HR, 08-11-2002, nr. 37 076
ECLI:NL:HR:2002:AF0075
- Instantie
Hoge Raad
- Datum
08-11-2002
- Zaaknummer
37 076
- LJN
AF0075
- Vakgebied(en)
Europees belastingrecht (V)
- Brondocumenten en formele relaties
ECLI:NL:HR:2002:AF0075, Uitspraak, Hoge Raad, 08‑11‑2002; (Cassatie)
- Vindplaatsen
BNB 2003/48 met annotatie van R.J. DE VRIES
FED 2002/665
FED 2003/56 met annotatie van F.G.F. Peters
WFR 2002/1689, 2
V-N 2002/57.9 met annotatie van Redactie
NTFR 2002/1706 met annotatie van prof. dr. mr. P.G.H. Albert
Uitspraak 08‑11‑2002
Inhoudsindicatie
-
Partij(en)
Nr. 37.076
8 november 2002
WM
gewezen op het beroep in cassatie van de Staatssecretaris van Financiën tegen de uitspraak van het Gerechtshof te 's-Gravenhage van 27 maart 2001, nr. BK-98/04595, betreffende na te melden aan X te Z opgelegde aanslag in de inkomstenbelasting/premie volksverzekeringen.

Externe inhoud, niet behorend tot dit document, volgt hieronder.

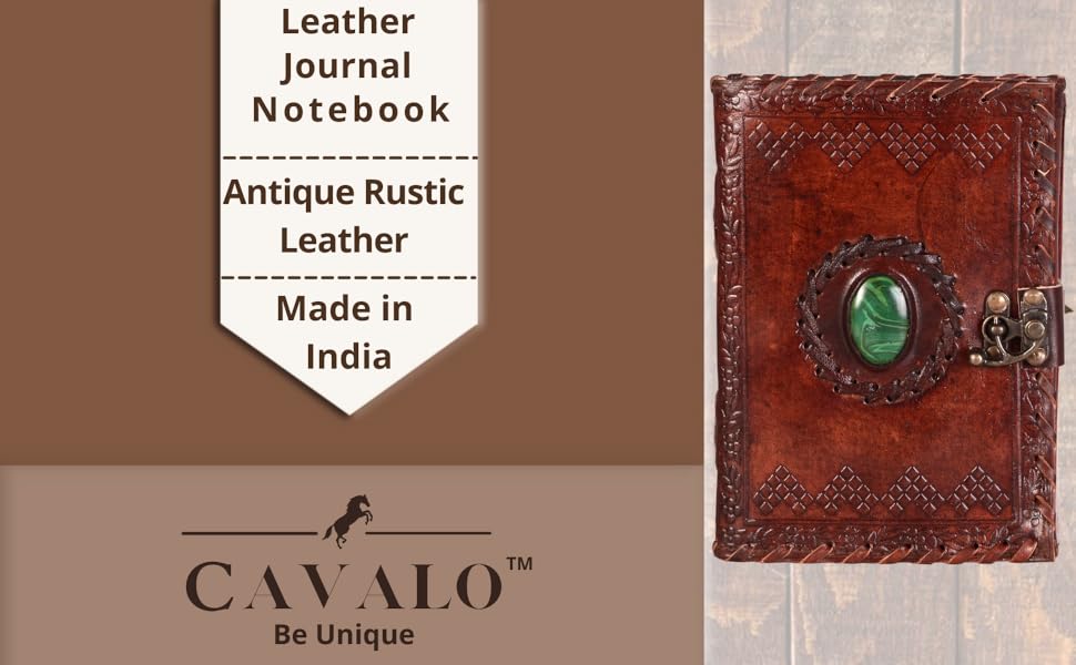 The CAVALO Be Unique Leather Diary is a handcrafted, compact 5x7 inch journal featuring 240 thick, non-bleed plain pages ideal for writing, sketching, and scrapbooking. Its vintage leather cover with a distinctive green stone and antique lock closure offers both style and privacy, making it a perfect gift for creatives and professionals who value unique, portable, and elegant stationery.

1. Aanslag, bezwaar en geding voor het Hof
Aan belanghebbende is voor het jaar 1996 een aanslag in de inkomstenbelasting/premie volksverzekeringen opgelegd naar een belastbaar inkomen van ƒ 3.395.229, met een vermindering ter voorkoming van dubbele belasting ten bedrage van ƒ 1.207.867, welke aanslag, na daartegen gemaakt bezwaar, bij uitspraak van de Inspecteur is gehandhaafd.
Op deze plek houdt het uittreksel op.